A Capsule History of English SciFi and Fantasy
From John C Wright comes a capsule history of science fiction and fantasy in English.
A reader asks a fascinating question. He speaks of a recent history of science fiction he’d read, and says the editors “laid the blame of ghetto-izing science fiction at John W. Campbell’s feet. I wonder if you have any thoughts on the matter.”
If the editors made the claim that science fiction was popular and mainstream before Campbell, and ghettoized after, I scorn this opinion as not merely ahistorical, but absurd.
The first fathers of science fiction, Wells, Verne, and the now-forgotten Olaf Stabledon, wrote for a general audience and were admired and respected as much (or as little) as any other writers. However, the next generation of science fiction writers, including figures like Edgar Rice Burroughs, A. Merritt, and Robert E. Howard, wrote boy’s adventure fiction. Beloved as these stories are to fans like myself, they were comicbookish, aimed at children, and dealt with their themes in a childish way.
These stories are, in my fanboy opinion, simply great, but simply not great art.
...
Fantasy does not have a figure comparable to John W. Campbell, Junior, or, at least, not on the editorial side. Perhaps we could name Lin Carter during his Ballantine Adult Fantasy series: however, even Mr. Carter would admit that he was merely skateboarding the wake of that eighteen-wheeler of the fantasy field, Tolkien’s trilogy.

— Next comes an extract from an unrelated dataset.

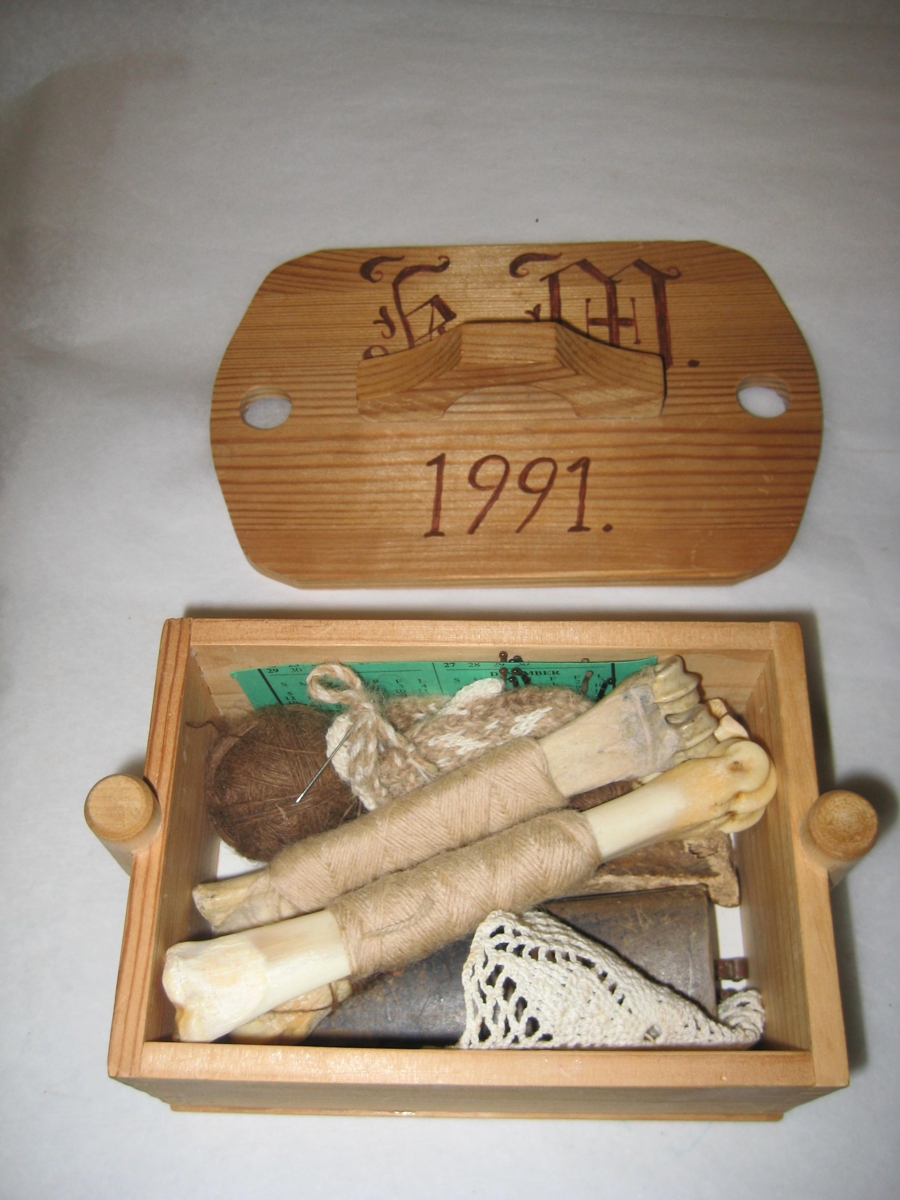 Saumaaskja úr furu. Kisumynd er máluð á hliðina og á lokið eru málaðir upphafsstafirnir K.M. og ártalið 1991. Innihald öskjunnar samanstendur af óskrifuðu jólakorti,leggjabeini, bút af dagatali úr grænu kartoni með 6 hárspennum á, hnykil af brúnu ullarbandi, hvítru heklaðri dúllu, pari af örsmáum prjónavettlingum, 3 leggjarbeinum með ullarbandi vöfðu uppá og viðarhólkur með 5 nálum.

Tolkien singlehandedly brought fantasy back from its exile in the Victorian days to the nursery. Gary Gygax brought Tolkien’s version of the mythic world, peopled with Robert E. Howardian characters, into the tabletops of fandom worldwide. The Elves in Gygax are full-sized Tolkienian elves, not diminutive Shakespearean elves. it is safe to say that even folk who have not read Tolkien, if they have read modern fantasy, have read Tolkien. Perhaps there are readers who only read China Mieville, Phillip Pullman, and Michael Moorcock or the like, and studiously avoid anything smelling of elvish leaves from Lothlorian: but I will boldly say that even such rebellions against Tolkien, or explorations into the seas farthest from the waters of Narnia or Middle Earth, are influenced by what they react against.
Fantasy was not merely scorned by the Literary Establishment, it was hated. For this I have no explanation, only a hunch.
There is a worthwhile comment by Michael Flynn as well:
I would suggest that Orwell and Huxley were not SF writers, but were mainstream writers who happened to write a couple of books that appealed to Skiffidom. Just as it takes more than a lot of people living real close together to make a “city,” it takes more than the use of certain themes and tropes to make “SF.”
What marks “genre SF” is that the SF tropes are central to the story itself. In the earliest SF, the stories were largely “about” some scientific [actually, engineering] marvel] and we skiffians read story after story simply for the marvelous gadgets and settings.